(Dataset excerpts)
'''

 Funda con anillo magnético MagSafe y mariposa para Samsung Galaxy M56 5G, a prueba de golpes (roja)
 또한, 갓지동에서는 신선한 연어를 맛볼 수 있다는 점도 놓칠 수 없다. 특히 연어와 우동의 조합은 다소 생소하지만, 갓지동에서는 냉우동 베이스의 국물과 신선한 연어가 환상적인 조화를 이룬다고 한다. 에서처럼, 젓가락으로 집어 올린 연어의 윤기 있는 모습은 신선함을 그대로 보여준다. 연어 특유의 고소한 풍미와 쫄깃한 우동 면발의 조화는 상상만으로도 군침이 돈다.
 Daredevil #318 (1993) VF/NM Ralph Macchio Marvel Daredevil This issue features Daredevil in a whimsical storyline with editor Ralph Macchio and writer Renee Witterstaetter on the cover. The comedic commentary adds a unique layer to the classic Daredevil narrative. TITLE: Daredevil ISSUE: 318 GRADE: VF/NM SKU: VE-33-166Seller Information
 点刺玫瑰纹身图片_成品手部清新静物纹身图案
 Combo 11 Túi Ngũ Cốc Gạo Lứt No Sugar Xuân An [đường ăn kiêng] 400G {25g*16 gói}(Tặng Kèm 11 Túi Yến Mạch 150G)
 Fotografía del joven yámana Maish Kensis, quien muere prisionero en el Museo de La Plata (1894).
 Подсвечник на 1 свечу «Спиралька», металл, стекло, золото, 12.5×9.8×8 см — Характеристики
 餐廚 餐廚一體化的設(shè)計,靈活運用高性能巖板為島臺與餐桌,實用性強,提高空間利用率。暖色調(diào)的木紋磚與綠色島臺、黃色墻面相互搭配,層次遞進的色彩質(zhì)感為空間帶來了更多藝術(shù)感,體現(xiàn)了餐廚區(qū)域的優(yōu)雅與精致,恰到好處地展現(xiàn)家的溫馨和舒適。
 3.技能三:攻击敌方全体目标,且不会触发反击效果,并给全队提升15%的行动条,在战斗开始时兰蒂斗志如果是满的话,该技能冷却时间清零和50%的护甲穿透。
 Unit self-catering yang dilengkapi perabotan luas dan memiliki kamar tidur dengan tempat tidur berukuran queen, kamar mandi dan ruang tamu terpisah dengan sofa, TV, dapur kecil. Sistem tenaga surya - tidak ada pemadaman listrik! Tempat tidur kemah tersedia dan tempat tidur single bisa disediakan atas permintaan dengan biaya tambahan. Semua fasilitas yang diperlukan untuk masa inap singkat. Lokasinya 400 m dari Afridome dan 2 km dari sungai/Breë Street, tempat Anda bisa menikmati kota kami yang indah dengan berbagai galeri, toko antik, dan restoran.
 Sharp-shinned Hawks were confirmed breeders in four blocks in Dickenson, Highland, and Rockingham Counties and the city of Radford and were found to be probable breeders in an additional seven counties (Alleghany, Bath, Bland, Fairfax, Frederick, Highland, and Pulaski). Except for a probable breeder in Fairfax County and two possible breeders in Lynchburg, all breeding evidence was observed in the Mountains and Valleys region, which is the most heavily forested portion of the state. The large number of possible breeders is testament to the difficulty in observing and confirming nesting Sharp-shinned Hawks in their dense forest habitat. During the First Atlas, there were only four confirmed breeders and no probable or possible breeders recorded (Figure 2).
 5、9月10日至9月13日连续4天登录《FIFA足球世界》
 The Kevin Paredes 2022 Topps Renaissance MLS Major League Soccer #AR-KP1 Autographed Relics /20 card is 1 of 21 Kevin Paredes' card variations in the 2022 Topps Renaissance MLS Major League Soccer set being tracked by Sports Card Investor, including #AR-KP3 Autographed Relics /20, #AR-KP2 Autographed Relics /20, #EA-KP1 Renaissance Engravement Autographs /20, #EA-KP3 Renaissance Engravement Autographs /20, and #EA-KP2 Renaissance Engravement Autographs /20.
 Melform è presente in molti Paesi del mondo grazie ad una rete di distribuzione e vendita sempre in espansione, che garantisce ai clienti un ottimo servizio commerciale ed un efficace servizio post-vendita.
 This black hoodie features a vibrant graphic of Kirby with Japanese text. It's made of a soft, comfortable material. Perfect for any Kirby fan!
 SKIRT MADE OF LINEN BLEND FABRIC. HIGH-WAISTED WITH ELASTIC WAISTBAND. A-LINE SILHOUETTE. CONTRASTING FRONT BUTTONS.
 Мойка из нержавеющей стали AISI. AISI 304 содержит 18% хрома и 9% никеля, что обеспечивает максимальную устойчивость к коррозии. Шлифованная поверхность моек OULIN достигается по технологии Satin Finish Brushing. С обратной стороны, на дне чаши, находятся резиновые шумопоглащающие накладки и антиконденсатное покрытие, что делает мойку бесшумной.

'''

PROBLEM REQUIREMENTS:
Copy out the entries in full, exactly as they appear.

WORKED SOLUTION:
 Funda con anillo magnético MagSafe y mariposa para Samsung Galaxy M56 5G, a prueba de golpes (roja)
 또한, 갓지동에서는 신선한 연어를 맛볼 수 있다는 점도 놓칠 수 없다. 특히 연어와 우동의 조합은 다소 생소하지만, 갓지동에서는 냉우동 베이스의 국물과 신선한 연어가 환상적인 조화를 이룬다고 한다. 에서처럼, 젓가락으로 집어 올린 연어의 윤기 있는 모습은 신선함을 그대로 보여준다. 연어 특유의 고소한 풍미와 쫄깃한 우동 면발의 조화는 상상만으로도 군침이 돈다.
 Daredevil #318 (1993) VF/NM Ralph Macchio Marvel Daredevil This issue features Daredevil in a whimsical storyline with editor Ralph Macchio and writer Renee Witterstaetter on the cover. The comedic commentary adds a unique layer to the classic Daredevil narrative. TITLE: Daredevil ISSUE: 318 GRADE: VF/NM SKU: VE-33-166Seller Information
 点刺玫瑰纹身图片_成品手部清新静物纹身图案
 Combo 11 Túi Ngũ Cốc Gạo Lứt No Sugar Xuân An [đường ăn kiêng] 400G {25g*16 gói}(Tặng Kèm 11 Túi Yến Mạch 150G)
 Fotografía del joven yámana Maish Kensis, quien muere prisionero en el Museo de La Plata (1894).
 Подсвечник на 1 свечу «Спиралька», металл, стекло, золото, 12.5×9.8×8 см — Характеристики
 餐廚 餐廚一體化的設(shè)計,靈活運用高性能巖板為島臺與餐桌,實用性強,提高空間利用率。暖色調(diào)的木紋磚與綠色島臺、黃色墻面相互搭配,層次遞進的色彩質(zhì)感為空間帶來了更多藝術(shù)感,體現(xiàn)了餐廚區(qū)域的優(yōu)雅與精致,恰到好處地展現(xiàn)家的溫馨和舒適。
 3.技能三:攻击敌方全体目标,且不会触发反击效果,并给全队提升15%的行动条,在战斗开始时兰蒂斗志如果是满的话,该技能冷却时间清零和50%的护甲穿透。
 Unit self-catering yang dilengkapi perabotan luas dan memiliki kamar tidur dengan tempat tidur berukuran queen, kamar mandi dan ruang tamu terpisah dengan sofa, TV, dapur kecil. Sistem tenaga surya - tidak ada pemadaman listrik! Tempat tidur kemah tersedia dan tempat tidur single bisa disediakan atas permintaan dengan biaya tambahan. Semua fasilitas yang diperlukan untuk masa inap singkat. Lokasinya 400 m dari Afridome dan 2 km dari sungai/Breë Street, tempat Anda bisa menikmati kota kami yang indah dengan berbagai galeri, toko antik, dan restoran.
 Sharp-shinned Hawks were confirmed breeders in four blocks in Dickenson, Highland, and Rockingham Counties and the city of Radford and were found to be probable breeders in an additional seven counties (Alleghany, Bath, Bland, Fairfax, Frederick, Highland, and Pulaski). Except for a probable breeder in Fairfax County and two possible breeders in Lynchburg, all breeding evidence was observed in the Mountains and Valleys region, which is the most heavily forested portion of the state. The large number of possible breeders is testament to the difficulty in observing and confirming nesting Sharp-shinned Hawks in their dense forest habitat. During the First Atlas, there were only four confirmed breeders and no probable or possible breeders recorded (Figure 2).
 5、9月10日至9月13日连续4天登录《FIFA足球世界》
 The Kevin Paredes 2022 Topps Renaissance MLS Major League Soccer #AR-KP1 Autographed Relics /20 card is 1 of 21 Kevin Paredes' card variations in the 2022 Topps Renaissance MLS Major League Soccer set being tracked by Sports Card Investor, including #AR-KP3 Autographed Relics /20, #AR-KP2 Autographed Relics /20, #EA-KP1 Renaissance Engravement Autographs /20, #EA-KP3 Renaissance Engravement Autographs /20, and #EA-KP2 Renaissance Engravement Autographs /20.
 Melform è presente in molti Paesi del mondo grazie ad una rete di distribuzione e vendita sempre in espansione, che garantisce ai clienti un ottimo servizio commerciale ed un efficace servizio post-vendita.
 This black hoodie features a vibrant graphic of Kirby with Japanese text. It's made of a soft, comfortable material. Perfect for any Kirby fan!
 SKIRT MADE OF LINEN BLEND FABRIC. HIGH-WAISTED WITH ELASTIC WAISTBAND. A-LINE SILHOUETTE. CONTRASTING FRONT BUTTONS.
 Мойка из нержавеющей стали AISI. AISI 304 содержит 18% хрома и 9% никеля, что обеспечивает максимальную устойчивость к коррозии. Шлифованная поверхность моек OULIN достигается по технологии Satin Finish Brushing. С обратной стороны, на дне чаши, находятся резиновые шумопоглащающие накладки и антиконденсатное покрытие, что делает мойку бесшумной.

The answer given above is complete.